Correlation Between California High and Aggressive Growth
Can any of the company-specific risk be diversified away by investing in both California High and Aggressive Growth at the same time? Although using a correlation coefficient on its own may not help to predict future stock returns, this module helps to understand the diversifiable risk of combining California High and Aggressive Growth into the same portfolio, which is an essential part of the fundamental portfolio management process.
By analyzing existing cross correlation between California High Yield Municipal and Aggressive Growth Allocation, you can compare the effects of market volatilities on California High and Aggressive Growth and check how they will diversify away market risk if combined in the same portfolio for a given time horizon. You can also utilize pair trading strategies of matching a long position in California High with a short position of Aggressive Growth. Check out your portfolio center. Please also check ongoing floating volatility patterns of California High and Aggressive Growth.

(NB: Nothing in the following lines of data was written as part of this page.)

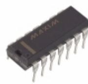
MAX1488EESD+ Maxim Integrated IC DVR RS232 QUAD 120KBPS 14-DIP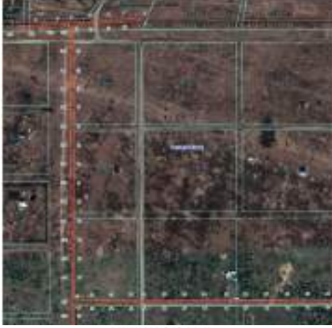
Используемые условные знаки и обозначения: — Границы публичного сервитута — 74:09:0912001 Границы и кадастровый номер кадастрового квартала — 1:100 Границы и обозначение земельного участка, сведения о котором внесены в ЕГРН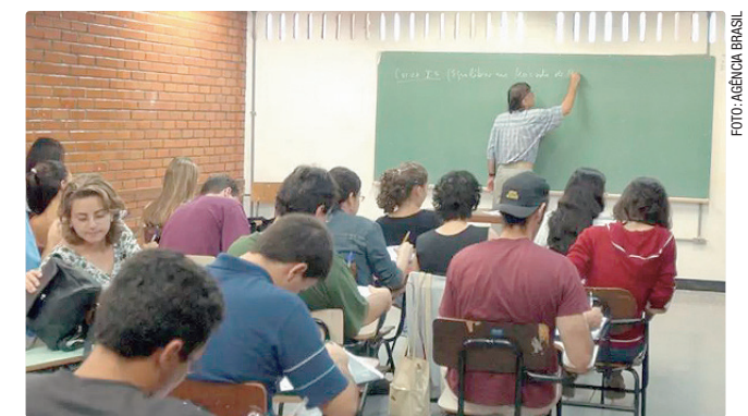
Entre todos os formandos do ano passado, 60% estudaram em EAD

Os resultados mostram que no total foram avaliados 1.127 cursos EAD, sendo 3.420 presenciais e outros 401 com menos de dois alunos e, por isso, estes últimos não tiveram conceito Enade. Entre os 4.547 cursos formação de professores avaliados, 56,8% alcançaram desempenho de menos 60% na prova, nos conceitos 3, 4 e 5, sendo que aproximadamente 31,9% estão classificados com notas mais altas (4 e 5).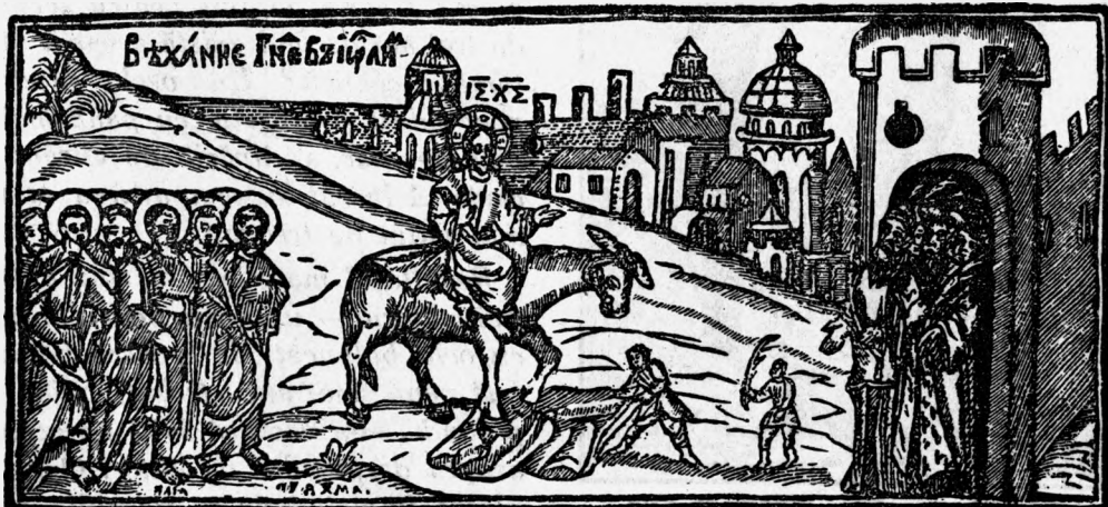
Intrarea lui Iisus în Ierusalim.

Floriile, prin intrarea în Cetate, ajunge astfel semnul și înțelesul adevăratei stăpâniri. Unsul Domnului este mai întâi domnul credincioșilor, al copiilor și săracilor; iar temeiul stăpânirii lui este recunoașterea înflăcărată a celor mulți, că este «trimisul»,

Diversification Opportunities for California High and Aggressive Growth
0.21 | Correlation Coefficient |
Modest diversification
The 3 months correlation between California and Aggressive is 0.21. Overlapping area represents the amount of risk that can be diversified away by holding California High Yield Municipa and Aggressive Growth Allocation in the same portfolio, assuming nothing else is changed. The correlation between historical prices or returns on Aggressive Growth and California High is a relative statistical measure of the degree to which these equity instruments tend to move together. The correlation coefficient measures the extent to which returns on California High Yield Municipal are associated (or correlated) with Aggressive Growth. Values of the correlation coefficient range from -1 to +1, where. The correlation of zero (0) is possible when the price movement of Aggressive Growth has no effect on the direction of California High i.e., California High and Aggressive Growth go up and down completely randomly.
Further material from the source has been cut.